The funding level of pension schemes of DAX companies reached a record high of 72% last year, up from 65% in 2020, led by positive developments in capital markets, according to the WTW study DAX Penisosnswerke 2021.

Among the healthier funding ratios, Deutsche Bank stood out with 102%, followed by BMW with 100%, Henkel 95%, Siemens 94% and HelloFresh with 93%, according to the study.

Pension assets set aside to pay benefits at the largest German companies grew year-on-year in 2021 by 12%, or €32bn, to €298bn. Five companies accounted for 43% of the total plan assets, or Planvermögen as pension assets to pay benefits are called, of the companies in the DAX last year, up from 47% the previous year.

Siemens had plan assets of €33.5bn, BMW €25bn, Mercedes-Benz €24.2bn, E.ON 23.5bn and BASF €23.1bn, the figures in the study show. On average, the share of plan assets was approximately 7% of assets in balance sheets of DAX companies in 2021, down from 9% the previous year.

Pension liabilities of DAX companies increased by only €3bn in 2021, or 0.7%, to €412bn, as the discount rate rose by 40 basis points to 1.20%.

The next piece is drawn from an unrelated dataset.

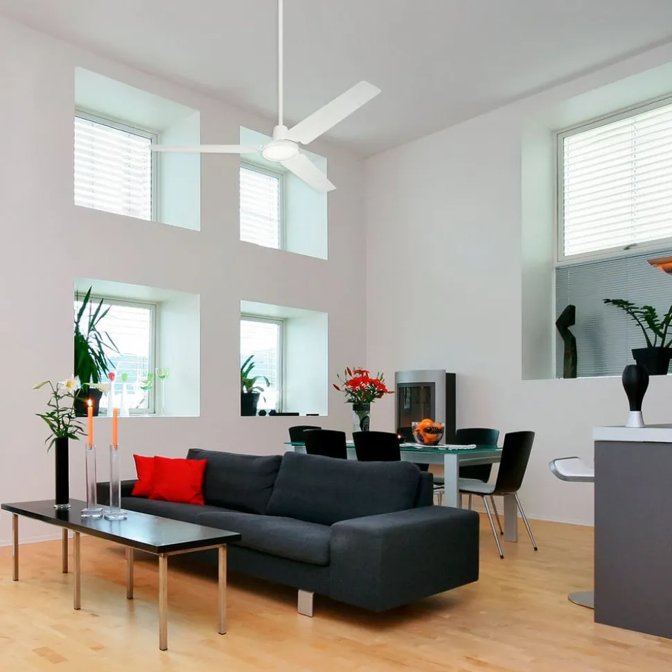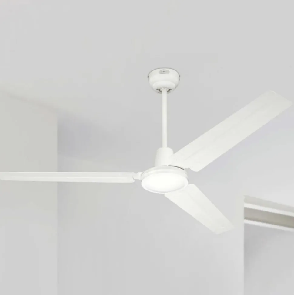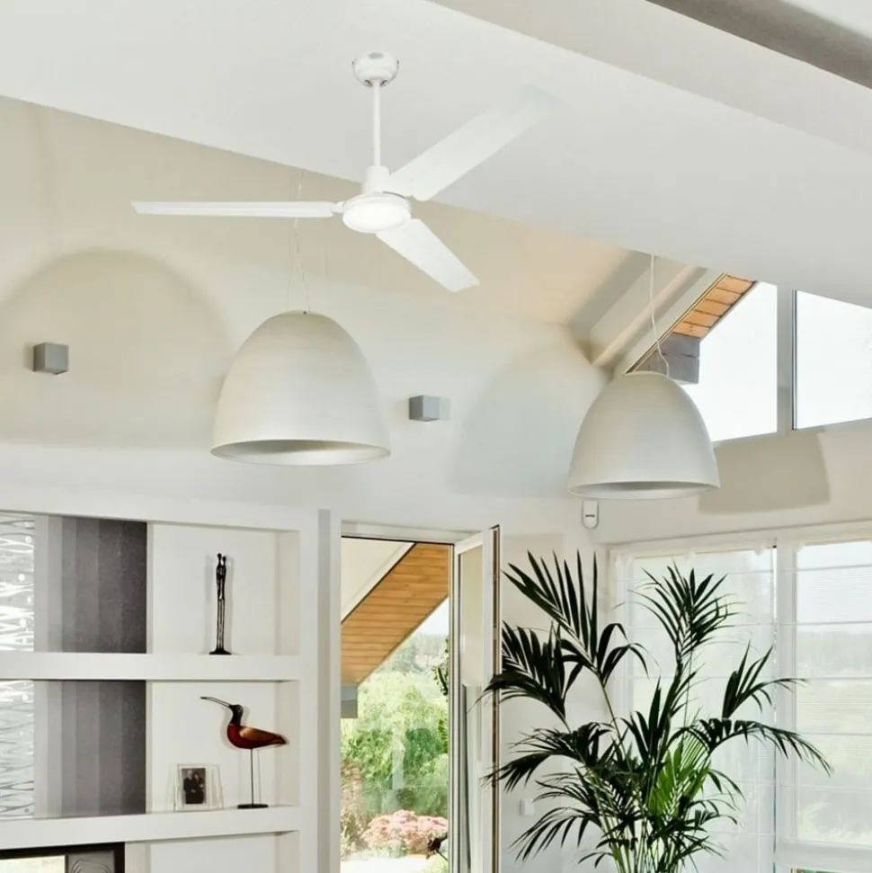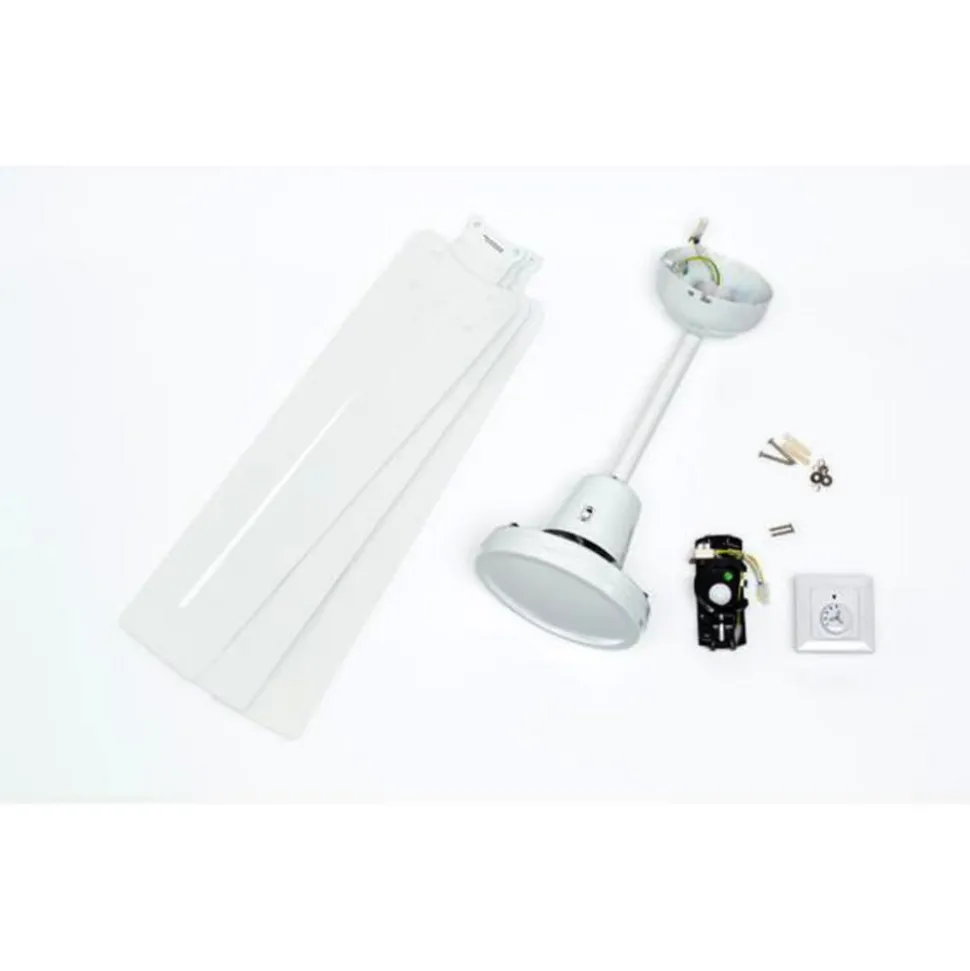 Eenvoudige plafondventilator Industrial zorgt voor frisse lucht Deze praktische ventilator past dankzij het eenvoudige ontwerp moeiteloos in elke omgeving. De plafondventilator Industrial is een echte allrounder. Hij kan niet alleen op warme zomerdagen worden gebruikt, maar ook in de winter. Functies Het geheim van de ventilator is zijn voor- en achterwaartse functie. Zo kan hij enerzijds voor frisse lucht zorgen en anderzijds de warme verwarmingslucht gelijkmatig in de kamer verdelen. Dit laatste betekent dat de industriële plafondventilator perfect is voor spaarders. De ventilator is uitgerust met vier verschillende snelheidsniveaus voor een ideale aanpassing. Technische gegevens Snelheden: 90, 150, 210 of 250 tpm Speciale kenmerken De ventilator werkt zeer stil en is daarom ook perfect voor gebruik in de studeer- of slaapkamer. De ventilatorsnelheid kan eenvoudig worden geregeld met een meegeleverde wandschakelaar. Afstandsbedieningen kunnen achteraf worden gemonteerd (zie accessoires); het is niet mogelijk om de wandschakelaar en afstandsbediening tegelijk te gebruiken, er kan slechts één bedieningsoptie tegelijk worden geïnstalleerd.

“The discount rate impacts pension obligations much more than other factors,” said Hanne Borst, head of actuarial consulting at WTW in Germany.

If the discount rate rises by 100 basis points, pension obligations fall by around 16 percent or €66bn, WTW said.

The volatility of the discount rate increased in March after the start of the war in Ukraine, and a further increase by around 20 basis points to around 2% is expected at the end of this month as central banks hike interest rates, the consultancy added.

Hanne Borst at WTW

Hanne Borst, WTW

Volkswagen held the highest amount of pension liabilities among the DAX companies at €58.6bn, followed by Siemens with €35.5bn, Mercedes-Benz and E.ON with €28.9bn, and BASF with €28.6bn, according to the study.

The five companies accounted for approximately 44% of the defined benefit obligations of all the firms in the DAX last year, down from 48% in 2020.

On average, pension obligations accounted for around 10% of total assets in the balance sheets of the DAX companies in 2021, up from 14% in 2020.

Equities pushed returns on assets to €22.5bn, with pension investors that have also been integrating ESG criteria and alternative investments in asset allocations for years now, WTW said.

The allocation to bonds and equities in portfolios of DAX companies has been decreasing in favour of other types of investments that have grown by 15 percentage points in almost a decade. Other types of investments also include cash (3%) and alternatives (5%).

DAX companies allocate pension assets still mostly in bonds (49%), equities (21%), real estate (4%) and other types of investments (29%).

Johannes Heiniz at WTW

Johannes Heiniz, WTW

DC switch

Almost all new pension plans at German companies are now defined contribution (DC) funds, with the interest rate directly linked to the actual performance of the plan assets, Johannes Heiniz, head general consulting retirement at WTW Deutschland, told IPE.

In Germany, however, a certain level of guarantee is still common, usually measured in terms of volume of contributions, he added. Pure DC models are legally possible in Germany but have not yet been implemented.

Over the past few years, companies in Germany have consistently revised the risk positions in their pension schemes by building up large plan assets on the financing side, and on the other hand through risk-adequate plan design, he said.

“Modern pension plans link their promised interest to the development of the respective plan assets,”Heiniz said, adding that this limits the impact of fluctuations of interest rate on companies.

Companies´ pension plans increasingly include payments of the benefits in the form of capital or payments in installments. “This gives more flexibility for beneficiaries and limits interest rate and longevity risks for companies,” he said.